Soy el doctor Daniel Díaz, y hoy quiero hablarles de política y salud.
Durante décadas, los mexicanos hemos escuchado promesas sobre hospitales, medicamentos, cobertura universal y servicios gratuitos. Cambian los gobiernos, cambian los partidos, cambian los nombres de los programas… pero para millones de personas permanece la misma pregunta: cuando realmente me enferme, ¿el sistema de salud estará ahí para atenderme?
La salud no debería utilizarse como bandera electoral. Los hospitales no son de los políticos, los medicamentos no son regalos del gobierno y los servicios públicos no son favores. Se pagan con los impuestos de los ciudadanos y forman parte de un derecho.
El artículo 4º de nuestra Constitución reconoce el derecho a la protección de la salud. Y la propia Ley General de Salud, en su artículo 77 bis 1, establece que las personas sin seguridad social tienen derecho a recibir gratuitamente servicios públicos de salud, medicamentos e insumos asociados. No es una concesión política: es una obligación del Estado.
Entonces debemos hacernos preguntas incómodas.
¿Ese derecho se cumple realmente cuando una persona espera meses por una consulta con un especialista? ¿Cuando una cirugía se posterga por falta de capacidad? ¿Cuando no encuentra sus medicamentos y tiene que comprarlos? ¿Cuando una familia termina utilizando sus ahorros para pagar estudios o atención privada porque no encontró una respuesta oportuna en el sistema público?
Ahí está la diferencia entre tener un derecho escrito y tener un derecho garantizado.

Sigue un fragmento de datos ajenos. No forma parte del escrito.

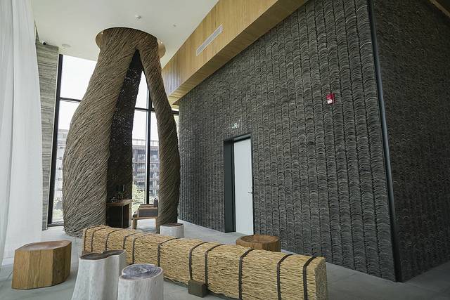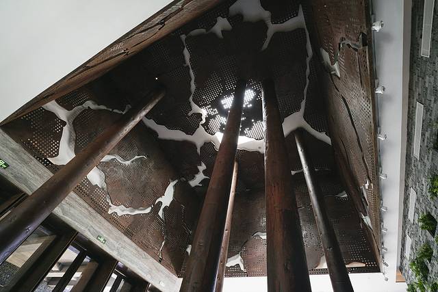在酒店,你会发现很多有意思的东西都跟“自然”有关,拿大兴安岭的废弃木头来装饰,用火山石、红杉木或废弃木材缔造的一个自然空间。有先进的灌溉系统、太阳能热水、高效节能电机、农耕一体,这些方式让酒店在自然环保下正常运行,将碳排放量减到最低。

Y los gobernantes deberían entender algo fundamental: en salud, las buenas intenciones no sustituyen los resultados.
No basta inaugurar hospitales si no tienen médicos, enfermeras, medicamentos y capacidad resolutiva. No basta anunciar presupuestos millonarios si el paciente continúa esperando. Y tampoco basta decir que los servicios son gratuitos cuando una familia termina pagando de su bolsillo aquello que el sistema no pudo proporcionarle.
Por eso necesitamos menos política alrededor de la salud y más políticas públicas saludables.
Políticas que sobrevivan a elecciones y cambios de gobierno. Que fortalezcan la prevención, la vacunación, la alimentación saludable, la salud mental y la actividad física; pero también el abasto de medicamentos, el personal sanitario, la infraestructura y la atención oportuna.
Y necesitamos algo todavía más importante: medir resultados y rendir cuentas.
Un sistema de salud no debe evaluarse por sus discursos, sino por lo que resuelve: cuánto espera un paciente, cuántas recetas se surten completamente, cuánto tarda una cirugía y cuántas familias tienen que gastar de su bolsillo para recuperar su salud.
Porque detrás de cada número hay una persona. Detrás de una receta no surtida hay preocupación. Y detrás de una cirugía postergada puede haber dolor, complicaciones y sufrimiento.
Los ciudadanos no necesitan que los políticos les expliquen constantemente lo bien que funciona el sistema. Necesitan comprobarlo cuando llegan a una clínica o a un hospital.
Soy el doctor Daniel Díaz, y estoy convencido de que la salud debe estar por encima de partidos, gobiernos y elecciones.
La salud no es propaganda. No es un favor. No es una promesa de campaña. Es un derecho.
Y la obligación de cualquier gobierno es muy sencilla de entender, aunque difícil de cumplir: hacer que ese derecho se convierta en resultados para la gente.